-- Data for the task follows --

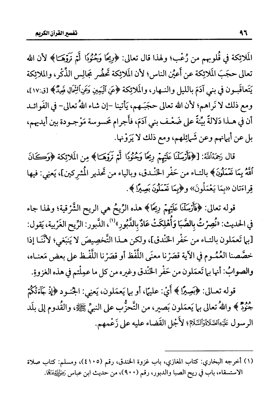 قال رَحِمَهُ اللَّهُ: [{فَأَرْسَلْنَا عَلَيْهِمْ رِيحًا وَجُنُودًا لَمْ تَرَوْهَا} مِن المَلائِكة {وَكَانَ اللَّهُ بِمَا تَعْمَلُونَ} بالتاء من حَفْر الخَنْدق، وبالياء من تَحذير المُشرِكين] يَعنِي: فيها قِراءَتان "بِمَا يَعْمَلُونَ" و {بِمَا تَعْمَلُونَ بَصِيرًا}.
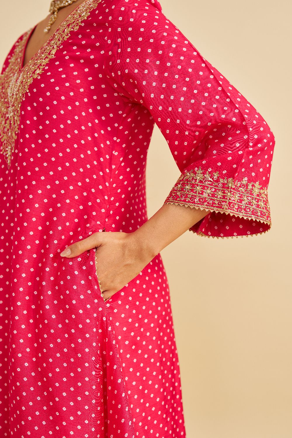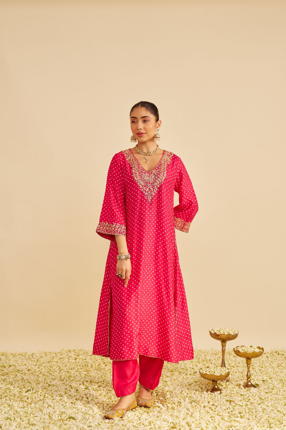 The entire outfit is finished with Bandhej and gota detailing, reflecting a perfect balance of heritage craftsmanship and contemporary elegance.
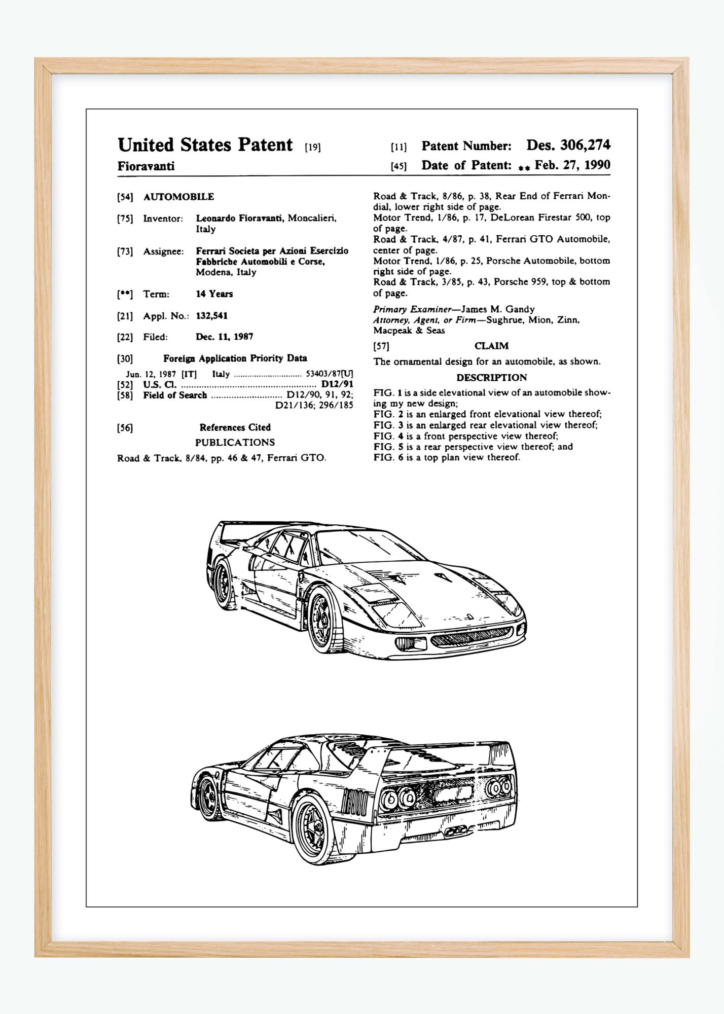 Ta elegantna patentna risba prikazuje avtomobil, ki ga je oblikoval Leonardo Fioravanti za Ferrari, eno najbolj ikoničnih imen v avtomobilski industriji. Patent je bil odobren 27. februarja 1990 pod številko patenta Des. 306,274 in predstavlja estetsko zasnovo Ferrari F40, ki ujame bistvo hitrosti in inovacij. Ilustracije patenta poudarjajo osupljive linije in aerodinamično silhueto, ki so postale sinonim za znamko.
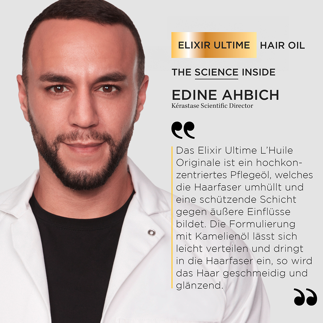 L‘Huile Originale Elixir Ultime kann als Ölbad vor dem Shampoo und dank seines 230°C-Hitzeschutzes auch vor dem Föhnen verwendet werden, ebenso wie für den letzten Schliff beim Styling oder für Nachbesserungen im Laufe des Tages, damit das Haar glatter und glänzender wird und sich leichter frisieren lässt. Das Haaröl kann ergänzend zu allen Kérastase-Haarpflegeroutinen verwendet werden.
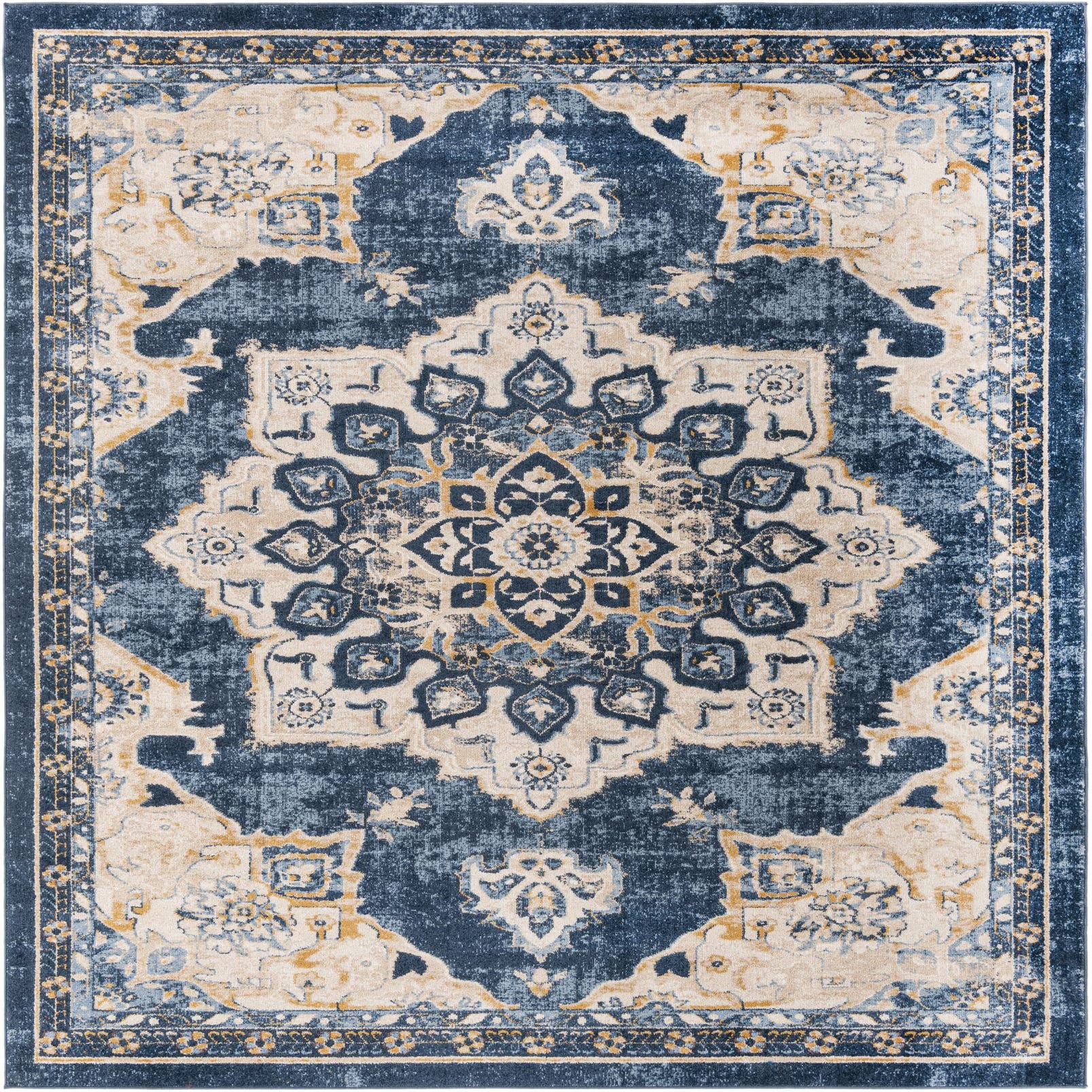 Primary color is Ivory. Colors in this rug include: Ivory, Blue, Beige, Navy Blue, Light Blue.
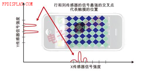 圖3:行和列傳感器的信號(hào)強(qiáng)度確定了觸控的位置

-- Data for the task concluded --

Problem to work on:
After dropping the pictures, please set down the lines from the beginning of the listing through the line containing "L‘Huile Originale Elixir", both included, exactly as they stand.

Finished task:
 قال رَحِمَهُ اللَّهُ: [{فَأَرْسَلْنَا عَلَيْهِمْ رِيحًا وَجُنُودًا لَمْ تَرَوْهَا} مِن المَلائِكة {وَكَانَ اللَّهُ بِمَا تَعْمَلُونَ} بالتاء من حَفْر الخَنْدق، وبالياء من تَحذير المُشرِكين] يَعنِي: فيها قِراءَتان "بِمَا يَعْمَلُونَ" و {بِمَا تَعْمَلُونَ بَصِيرًا}.
 The entire outfit is finished with Bandhej and gota detailing, reflecting a perfect balance of heritage craftsmanship and contemporary elegance.
 Ta elegantna patentna risba prikazuje avtomobil, ki ga je oblikoval Leonardo Fioravanti za Ferrari, eno najbolj ikoničnih imen v avtomobilski industriji. Patent je bil odobren 27. februarja 1990 pod številko patenta Des. 306,274 in predstavlja estetsko zasnovo Ferrari F40, ki ujame bistvo hitrosti in inovacij. Ilustracije patenta poudarjajo osupljive linije in aerodinamično silhueto, ki so postale sinonim za znamko.
 L‘Huile Originale Elixir Ultime kann als Ölbad vor dem Shampoo und dank seines 230°C-Hitzeschutzes auch vor dem Föhnen verwendet werden, ebenso wie für den letzten Schliff beim Styling oder für Nachbesserungen im Laufe des Tages, damit das Haar glatter und glänzender wird und sich leichter frisieren lässt. Das Haaröl kann ergänzend zu allen Kérastase-Haarpflegeroutinen verwendet werden.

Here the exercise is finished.